World wide there are hundreds of recipe sites, somewhere there's one for every taste and every nationality from gnocchi to spare ribs to Peking duck.
To this you can add the thousands of enthusiastic bloggers. Some have as much skill and character as the professionals; large numbers of them leave much to be desired and a queasy feeling in the tum.
But Australians appreciate their home cooking and are doing a lot of it, even if they also consume large quantities of take-away. But we are fortunate in having very affordable food. Our incomes have risen faster than prices. So the Department of Agriculture was able to report in 2012 that over the previous 20 years, while our incomes rose by 36 per cent, the spending on food only went up 13 per cent.
This is corroborated by the Australian Bureau of Statistics which reported that households spent 20 per cent of their cash on food and drink in 1984, yet 25 years later it was only 16.5 per cent. The popularity of eating certainly hasn't declined so it must be price. And that's even excluding alcohol.

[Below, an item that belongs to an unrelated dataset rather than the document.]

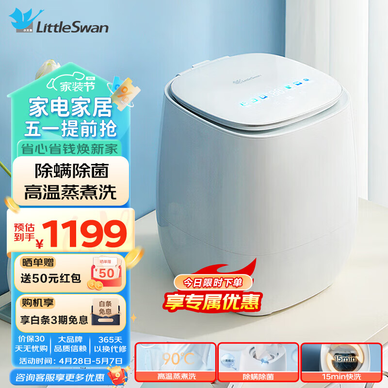 小天鹅(LittleSwan)0.5KG内衣洗衣机 迷你波轮全自动婴儿洗衣机 高温蒸煮洗除菌除螨 灵动炫彩屏不锈钢内桶 TNB5VD0WE价格:1199.00元!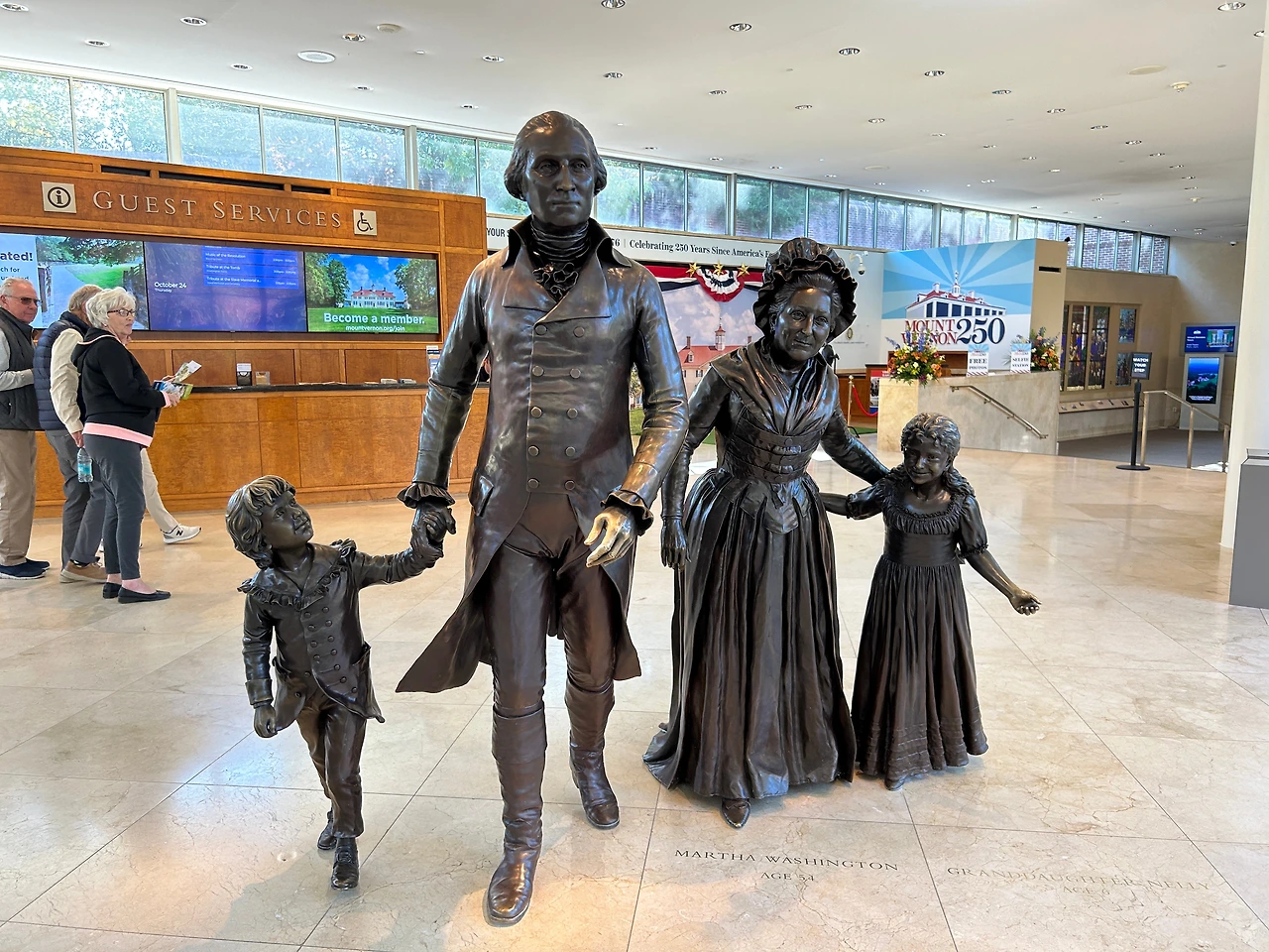 티켓팅을 위해 오리엔테이션 센터 안으로 들어서면 이들 가족이 마중이라도 나오는 듯 손을 잡고 우리를 맞아준다. 이 가족 동상은 조지 워싱턴과 그의 아내 마사 워싱턴, 그리고 마사의 손자녀들인 넬리 커스티스(Nelly Custis, 오른쪽)와 조지 워싱턴 파크 커스티스(George Washington Parke Custis, 왼쪽)를 형상하고 있다. 마사의 손자인 조지 워싱턴 파크 커스티스는 훗날 알링턴 국립묘지 내 알링턴 하우스(Arligton House)를 지어 워싱턴을 기리는 유산을 이어갔고 그의 딸인 메리 A.R. 커스티스(Mary Anna Randolph Custis)는 남북전쟁의 또 다른 영웅 로버트 E. 리(남부군 총사령관)와 결혼하여 남북전쟁의 또 다른 연결점이 된다.

Of course clever marketing joins the dots and you'll find a helluva lot of doodling in the recipe pages. I've talked before about the work Coles and Woolworths have done to develop their home delivery services.
Now Coles have taken it a step further, with the announcement of a new Recipe to Cart service. It's a marriage made in supermarket heaven: the blushing bride is Taste.com.au, the country's biggest recipe deliverer, claiming a reach of 6,277,000 readers and clickers per month between its website, magazine and newspaper lift-outs.
You choose your recipes, click the ingredients, they pass into the digital shopping basket and the next day they get delivered to your door. I wonder if there's another button you can click to deliver Curtis Stone or Heston Blumenthal to cook it up for you.
Christmas of course is a time when the nation goes extravagantly mad in its food buying. So it's an ideal time for Taste and Coles to launch this service. They have constructed a Christmas Menu Planner with lots of seasonal dishes based around products on Coles shelves.
Woolworths are fighting back with Jamie Oliver Christmas recipes, while Aldi and IGA have had their home economists toiling for months to deliver acres of appetising meals on their web sites.
So if you are one of our millions of keen on-line recipe hunters, rest assured that a very well catered Christmas has been laid out for you.